Before using Network Policy, note that Apiserver needs to turn these switches on, as shown above. Another more important thing is that the Network plug-in we choose needs to support the implementation of Network Policy. You should know that Network Policy is only an object provided by K8s, and there is no built-in component for implementation. It depends on whether the container Network solution you choose supports this standard and its completeness. If you choose Flannel, it does not really implement this Policy. Well, then it doesn’t help that you tried this.
Configure the instance
Let’s take a configuration example, or what do you do when designing a Network Policy?

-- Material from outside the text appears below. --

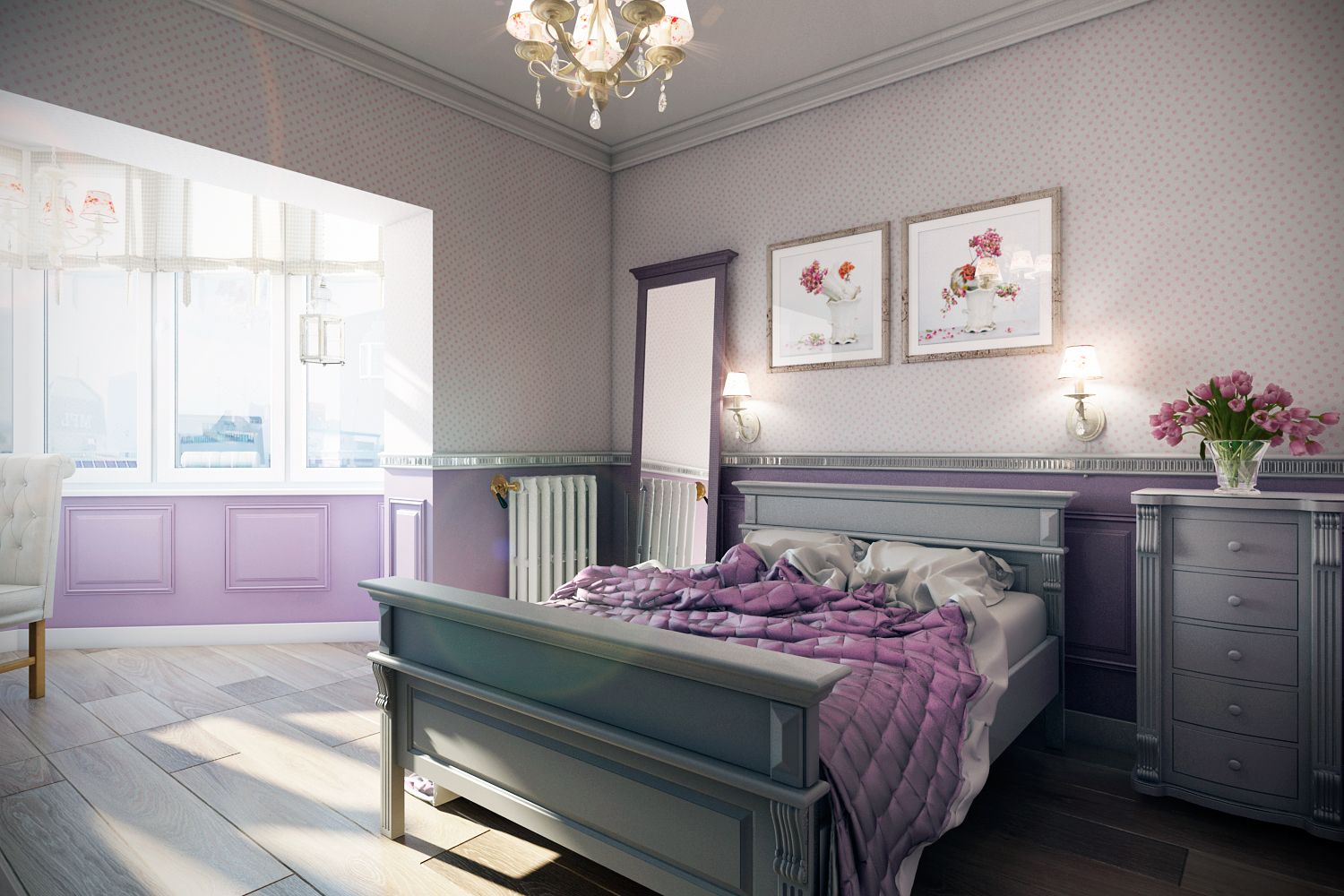 Les teintes lilas et lavande claires rappellent les fleurs du printemps et rendent la pièce plus propre et plus claire.

I personally feel that three things need to be decided:
- The first thing is to control objects, like the spec part of this instance. In a spec, we can select a particular set of pods to be controlled by podSelector or namespace selector.

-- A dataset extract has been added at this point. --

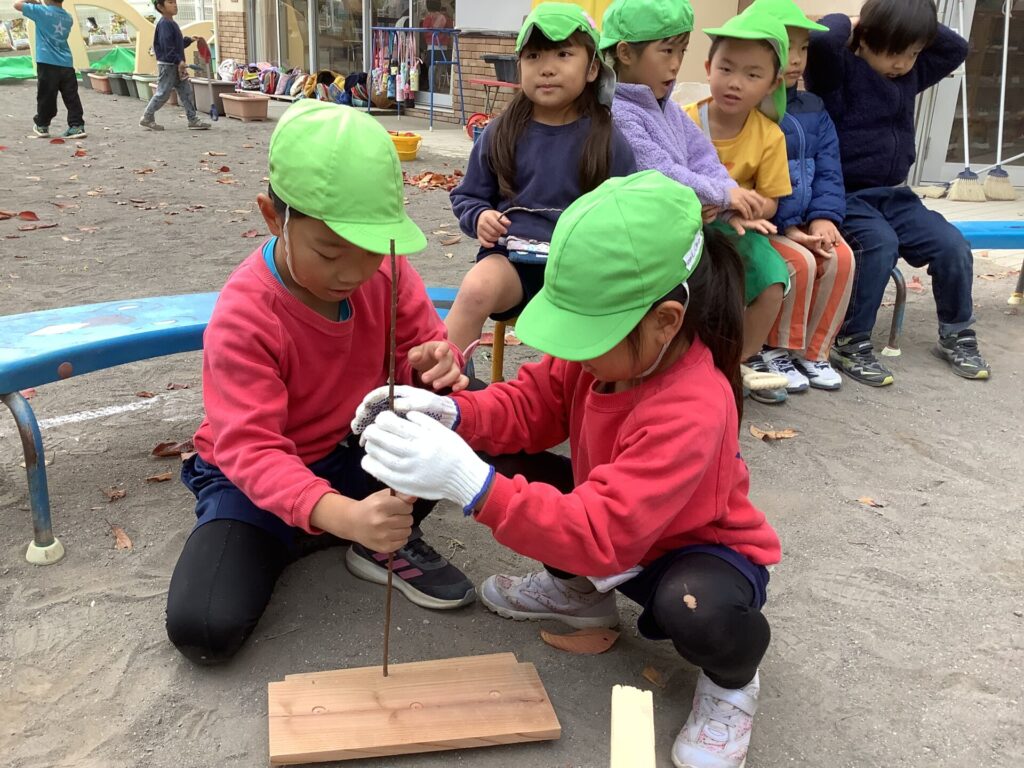 「どうやって焼く?」「焚き火で焼き芋を作りたい!」「どうやって火を起こす?」話し合う中で事務の職員に火起こしについて聞いてみることに・・・。

- The second is to consider the flow of clear, need to control the direction of the in or out? Or do you control in both directions?

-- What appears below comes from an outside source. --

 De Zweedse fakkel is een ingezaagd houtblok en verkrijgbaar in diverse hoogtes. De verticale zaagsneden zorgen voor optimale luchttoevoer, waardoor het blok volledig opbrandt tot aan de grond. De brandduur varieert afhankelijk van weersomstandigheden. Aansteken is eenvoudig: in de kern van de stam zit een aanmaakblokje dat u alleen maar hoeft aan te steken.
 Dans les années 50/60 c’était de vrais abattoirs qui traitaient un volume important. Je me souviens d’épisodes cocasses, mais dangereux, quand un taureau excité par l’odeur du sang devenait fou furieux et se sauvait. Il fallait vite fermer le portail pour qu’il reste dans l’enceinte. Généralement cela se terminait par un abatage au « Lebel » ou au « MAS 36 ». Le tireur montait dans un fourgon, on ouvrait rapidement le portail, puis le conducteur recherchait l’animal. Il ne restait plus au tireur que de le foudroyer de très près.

- The most important part is the third part. If the selected direction is described by adding control objects to it, which specific streams can be put in or out? Analogous to a quintuple of flow characteristics, I can use some selector to decide which ones can be my remote, which is the object selection; The IPBlock mechanism can also be used to determine which IP addresses can be allowed. And finally, which protocols or ports. In fact, the flow characteristics are grouped into a quintuple, which selects a particular acceptable flow.
This paper summarizes
That’s the end of this article, let’s briefly summarize:
-
In pod container network, the core concept is IP. IP is the address base of each POD for external communication, which must be consistent inside and outside and conform to the characteristics of K8s model.
-
Topology is the most important factor that affects the performance of container network. Be able to understand how your packages are connected end-to-end, how they get from container to Host, and whether the Host is going to encapsulate or unencapsulate the container. Or through policy-based routing? How do you get to the opposite end?
-
Container network selection and design selection. If you do not know your external network or need the most universal solution, for example, whether the MAC is directly connected or whether the routing table of the external router can be controlled, you can choose Flannel using Vxlan as Backend. If you are sure that your network is 2-tiered, you can use Calico or Flannel-Hostgw as a backend.
-
Finally, Network Policy is a powerful tool in operation and application, which can achieve precise control of incoming and outgoing flows. The way to do that is to figure out who you want to control and how your flow is defined.
5. Thinking time
A few final thoughts for you to consider:
-
Why is the interface standardized CNI, but the container network does not have a very standard implementation, built into K8s?
-
Why does Network Policy not have a standard controller or a standard implementation, but is provided by the owner of the container Network?
-
Is it possible to implement container networking without network devices at all? Consider RDMA and other alternatives to TCP/IP.
-
There are many network problems during operation and maintenance and it is difficult to troubleshoot. Therefore, it is not worth developing an open source tool that can friendly display the network conditions at various stages from Container to Host, from Host to Host, or from encapsulation to decapsulation, so that problems can be quickly located. As far as I know, there is no such tool.
Above is my introduction to the basic concepts of K8s container Network and Network Policy.
“Alibaba cloudnative wechat public account (ID: Alicloudnative) focuses on micro Service, Serverless, container, Service Mesh and other technical fields, focuses on cloudnative popular technology trends, large-scale implementation of cloudnative practice, and becomes the technical public account that most understands cloudnative developers.”